Background
Plaintiff Alexis Moore filed a complaint in Vermont Superior Court, Rutland Unit, seeking an anti-stalking order against her neighbor, Amanda Fitzgerald. Moore alleged that Fitzgerald had assaulted her, followed her to retail stores and the post office, pounded on her door, screamed obscenities outside her window, and threatened to break her leg and beat her. The trial court denied emergency relief, finding the allegations insufficient to establish stalking under the statute.
After a final hearing in November 2025, at which Moore testified to a general “course of conduct” placing her in fear of bodily harm, the court found her testimony lacked specificity as to dates, times, and details. Fitzgerald moved for judgment at the close of plaintiff’s case, and the court granted it, finding Moore had not met her burden of showing that Fitzgerald made “true threats” or engaged in monitoring or following. Moore appealed, arguing the trial court applied an improper legal standard.
The Court’s Holding
The Vermont Supreme Court affirmed. The sole legal question on appeal was whether the trial court erred by limiting the statutory term “threatens” — as used in the stalking statute’s definition of “course of conduct,” 12 V.S.A. § 5131(1)(A)(i) — to “true threats.” The court held that the trial court correctly applied that standard, relying on its prior decision in Hinkson v. Stevens, 2020 VT 69, which explained that because the stalking statute expressly excludes constitutionally protected activity, it is implicitly limited to true threats as defined under the First Amendment.

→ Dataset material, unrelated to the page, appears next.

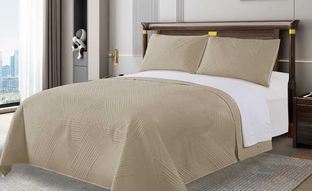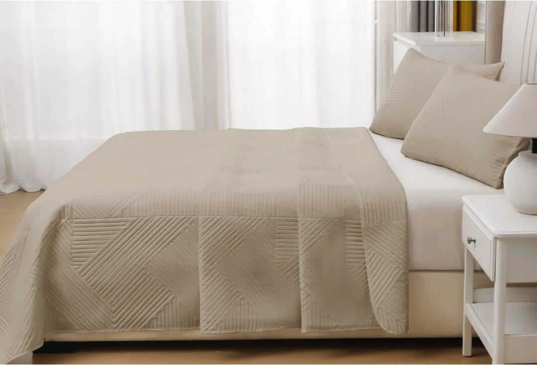 Beige Geometric Design Quilted Bedspread Coverlet Sets (3Pcs)

The court declined to address any challenge to the sufficiency of the trial court’s factual findings because Moore raised no such argument on appeal as required by V.R.A.P. 28(a)(3)-(4). To the extent her brief could be read to challenge the credibility findings, the court reiterated the settled rule that it will not second-guess a trial court’s credibility determinations on appeal.
Key Takeaways
- Vermont’s anti-stalking statute, 12 V.S.A. § 5131(1), implicitly limits “threatening” conduct to “true threats” — statements communicating a serious expression of intent to commit unlawful violence — because the statute expressly excludes constitutionally protected activity.
- This “true threat” limitation is not an addition to the statute’s text but a constitutional constraint built into it by the exclusion of protected speech, as established in Hinkson v. Stevens, 2020 VT 69.
- Plaintiffs seeking anti-stalking orders must provide specific, detailed testimony (dates, times, circumstances); general assertions of a course of fearful conduct are insufficient to meet the preponderance-of-evidence burden.
- Appellate courts will not reweigh evidence or revisit credibility determinations made by a trial court, and issues not briefed on appeal are waived under V.R.A.P. 28(a)(3)-(4).
Why It Matters
This decision reinforces the constitutional boundary built into Vermont’s civil stalking statute, confirming that courts must filter alleged threatening behavior through the First Amendment’s “true threat” doctrine before it can serve as a predicate act for a protective order. Attorneys seeking or opposing anti-stalking orders in Vermont should understand that heated, offensive, or even frightening speech does not automatically qualify as a statutory “threat” unless it rises to the level of a serious expression of intent to commit unlawful violence.
The case is an unpublished three-justice panel order with no precedential value, but it applies and reaffirms the precedential rule from Hinkson v. Stevens. It also serves as a practical reminder that vague, undated, or non-specific testimony — even if credible as a general matter — may fail to satisfy the burden of proof in civil stalking proceedings, underscoring the importance of thorough client preparation before any protective-order hearing.